Python has two types of loops
* `for` - goes through a fixed, predefined number of iterations ([more on for loops](https://swcarpentry.github.io/python-novice-gapminder/12-for-loops/index.html))
* `while` - continues until some condition happens

In Python, we iterate over the values using a `for` loop, which we can show as

In [None]:
for value in x_list:
    print(value)

Note that the first line of the `for` loop ends with a colon, and the body must be indented 4 spaces.

The above is the same as doing the following:

In [None]:
print(x_list[0])
print(x_list[1])
print(x_list[2])

How do we use the loop to update the data?

In [None]:
for i in range(len(x_list)):
    print('----------')
    print('index value', i)
    print('original value', x_list[i])
    x_list[i] = x_list[i] * 3.14
    print('updated value', x_list[i])
print(x_list)

If you think this is cumbersome, you are right!
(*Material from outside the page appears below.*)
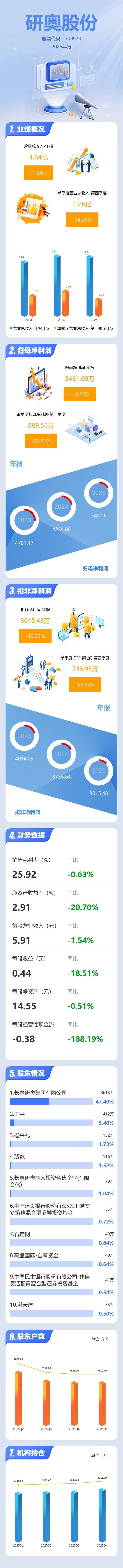 证券之星消息,研奥股份2025年年报显示,当年度公司主营收入4.64亿元,同比下降1.54%;归母净利润3461.6万元,同比下降18.26%;扣非净利润3015.48万元,同比下降19.3%;其中2025年第四季度,公司单季度主营收入1.26亿元,同比下降34.26%;单季度归母净利润889.55万元,同比下降62.21%;单季度扣非净利润748.93万元,同比下降66.32%;负债率13.99%,投资收益264.56万元,财务费用-20.8万元,毛利率25.92%。

There must be a better way!

In [None]:
import numpy as np
x_array = np.linspace(0, 1, 9)
print('original values', x_array)

In [None]:
x_array *= 3.14
print('updated values', x_array)

The same goes for using trig functions. NumPy has trig functions so you don't need to loop through to use them to calculate

$$
y = \sin(x).
$$

In [None]:
y_array = np.sin(x_array)
print(y_array)

NumPy has a plethora of [mathemtical functions](https://numpy.org/doc/stable/reference/routines.math.html) you can use.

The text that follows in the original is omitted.